Abstract
Traditionally, artificial intelligence (AI) algorithms are designed to align with ground truth or the consensus of trusted human decision-makers. While effective in domains where experts share similar backgrounds and reach agreement, this approach encounters challenges in complex fields like medical triage, where decisions are inherently difficult and often lack a single correct answer. Beyond expertise, individual attributes influence human decision-making. These Key Decision-Maker Attributes (KDMAs) are domain-agnostic characteristics that shape decision-making in specific contexts and can lead experts to disagree on difficult choices.
This research aims to develop models of KDMAs and their influence on human decision-making in triage, ultimately guiding the design of AI systems that align with trusted human decisions. Specifically, this paper explores challenges in modeling AI behavior relative to human decision-making in domains where expert consensus is not always achievable. Key obstacles include the lack of an established ground truth for mapping attributes to decisions, the absence of best practices for representing complex decisions in a machine-interpretable format, and the difficulty of obtaining high-quality, consistent data to inform ground truth development. Additionally, data collection methodology is crucial for eliciting meaningful information and understanding the influence of contextual factors on KDMAs and their interdependence.

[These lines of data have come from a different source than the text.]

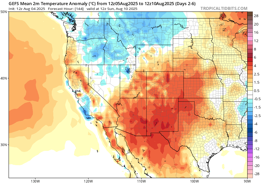 In the Pacific Northwest and northern Rockies region, you could expect cooler than normal temperatures for the week, due to a nice trough digging down into the region by late week, bringing with it some rain (mostly for Montana).
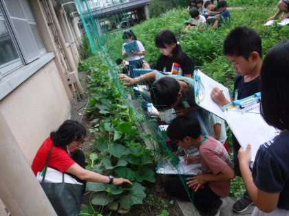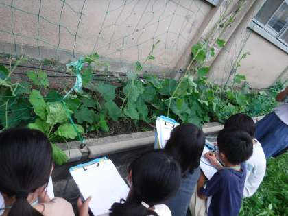 理科で育てているヒョウタンが、大きくなってきました。今日は久々に、どれくらい生長したのかを観察しました。葉がみんなの顔くらい大きくなっていたり、茎にとげがついていたり、新しい発見がありました。
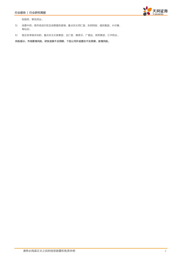 风险提示:市场震荡风险,研发进展不及预期,个别公司外延整合不及预期,疫情风险。
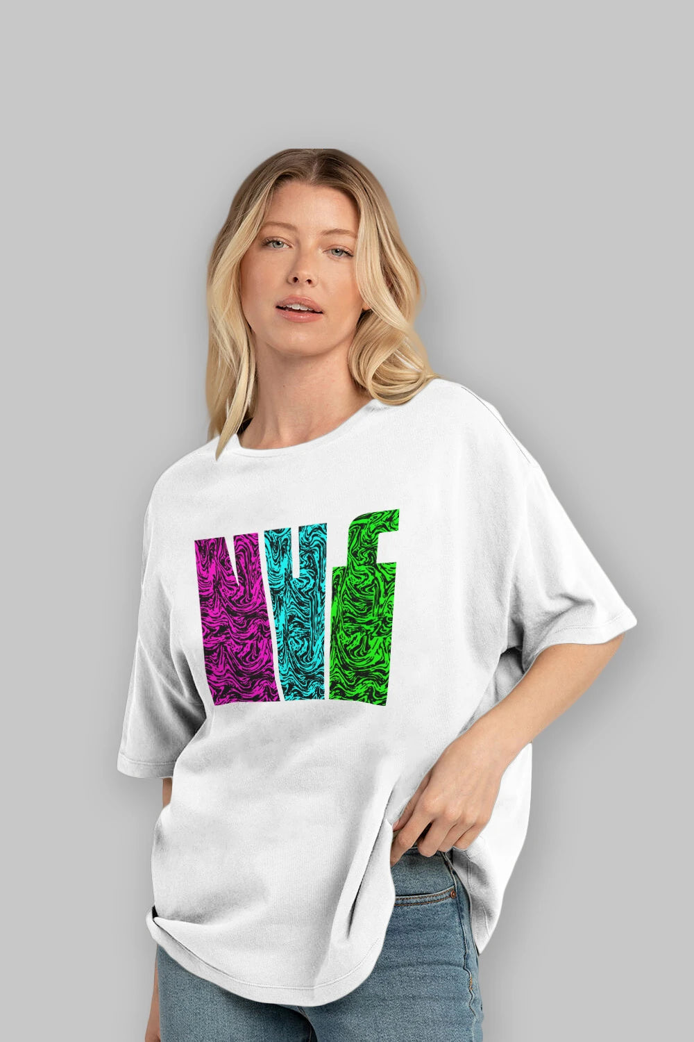 Hem erkekler hem de kadınlar için uygun, taze, modern bir baskıya sahip baskılı oversize t-shirt.

To address these challenges, we developed a ground truth methodology by correlating validated psychometric tools with a set of hypothesized KDMAs. A scenario-based design process was implemented to elicit decision-making based on specific KDMAs. Human triage decisions were collected and analyzed using machine learning techniques to identify relationships between KDMAs and decision outcomes. The resulting model maps KDMAs to decisions, generating KDMA profiles that offer a multidimensional representation of decision-makers’ attributes. Results will be presented from two separate studies conducted across a 12 month period, providing insights into the challenges and, support for the feasibility, of this approach.